____ RECORDS FOR THE EXERCISE

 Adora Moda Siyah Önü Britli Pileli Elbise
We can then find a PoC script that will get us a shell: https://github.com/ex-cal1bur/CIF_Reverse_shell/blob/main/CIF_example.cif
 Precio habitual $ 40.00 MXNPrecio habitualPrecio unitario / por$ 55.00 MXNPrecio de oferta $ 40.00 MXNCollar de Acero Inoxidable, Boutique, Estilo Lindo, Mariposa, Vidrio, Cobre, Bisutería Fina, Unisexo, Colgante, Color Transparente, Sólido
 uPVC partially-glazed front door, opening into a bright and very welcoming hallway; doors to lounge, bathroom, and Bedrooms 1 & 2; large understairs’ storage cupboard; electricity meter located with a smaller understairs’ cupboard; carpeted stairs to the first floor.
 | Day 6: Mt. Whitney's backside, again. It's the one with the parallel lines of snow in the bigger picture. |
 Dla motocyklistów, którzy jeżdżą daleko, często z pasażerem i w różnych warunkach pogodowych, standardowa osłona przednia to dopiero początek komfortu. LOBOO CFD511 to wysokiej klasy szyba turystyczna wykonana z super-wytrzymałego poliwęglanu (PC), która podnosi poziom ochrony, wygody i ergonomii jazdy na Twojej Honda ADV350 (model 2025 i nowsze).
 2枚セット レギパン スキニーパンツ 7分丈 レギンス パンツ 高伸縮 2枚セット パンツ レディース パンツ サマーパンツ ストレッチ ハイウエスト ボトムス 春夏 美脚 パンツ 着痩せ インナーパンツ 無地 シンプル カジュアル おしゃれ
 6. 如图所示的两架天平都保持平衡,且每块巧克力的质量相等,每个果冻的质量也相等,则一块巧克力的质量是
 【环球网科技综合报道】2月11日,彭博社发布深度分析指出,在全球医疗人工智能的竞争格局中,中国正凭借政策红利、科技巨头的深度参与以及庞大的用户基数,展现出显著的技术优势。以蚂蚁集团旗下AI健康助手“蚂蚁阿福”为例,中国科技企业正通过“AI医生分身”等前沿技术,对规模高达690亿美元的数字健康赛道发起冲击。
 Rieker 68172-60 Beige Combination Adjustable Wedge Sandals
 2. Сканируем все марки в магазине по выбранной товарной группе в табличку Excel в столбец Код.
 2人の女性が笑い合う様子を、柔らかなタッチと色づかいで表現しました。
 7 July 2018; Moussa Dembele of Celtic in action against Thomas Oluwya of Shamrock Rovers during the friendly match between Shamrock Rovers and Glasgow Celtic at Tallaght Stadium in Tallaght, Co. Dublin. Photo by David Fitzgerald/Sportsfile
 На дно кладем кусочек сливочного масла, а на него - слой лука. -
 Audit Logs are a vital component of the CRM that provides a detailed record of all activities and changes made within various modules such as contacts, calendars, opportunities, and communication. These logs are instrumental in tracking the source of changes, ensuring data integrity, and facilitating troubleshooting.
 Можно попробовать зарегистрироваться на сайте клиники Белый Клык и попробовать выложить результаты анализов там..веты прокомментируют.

________

▶ [WHAT TO PRODUCE]
Would you give again, word for word, every line from the one with "На дно кладем" through the final line of the listing above?

▶ [YOUR SOLUTION]
 На дно кладем кусочек сливочного масла, а на него - слой лука. -
 Audit Logs are a vital component of the CRM that provides a detailed record of all activities and changes made within various modules such as contacts, calendars, opportunities, and communication. These logs are instrumental in tracking the source of changes, ensuring data integrity, and facilitating troubleshooting.
 Можно попробовать зарегистрироваться на сайте клиники Белый Клык и попробовать выложить результаты анализов там..веты прокомментируют.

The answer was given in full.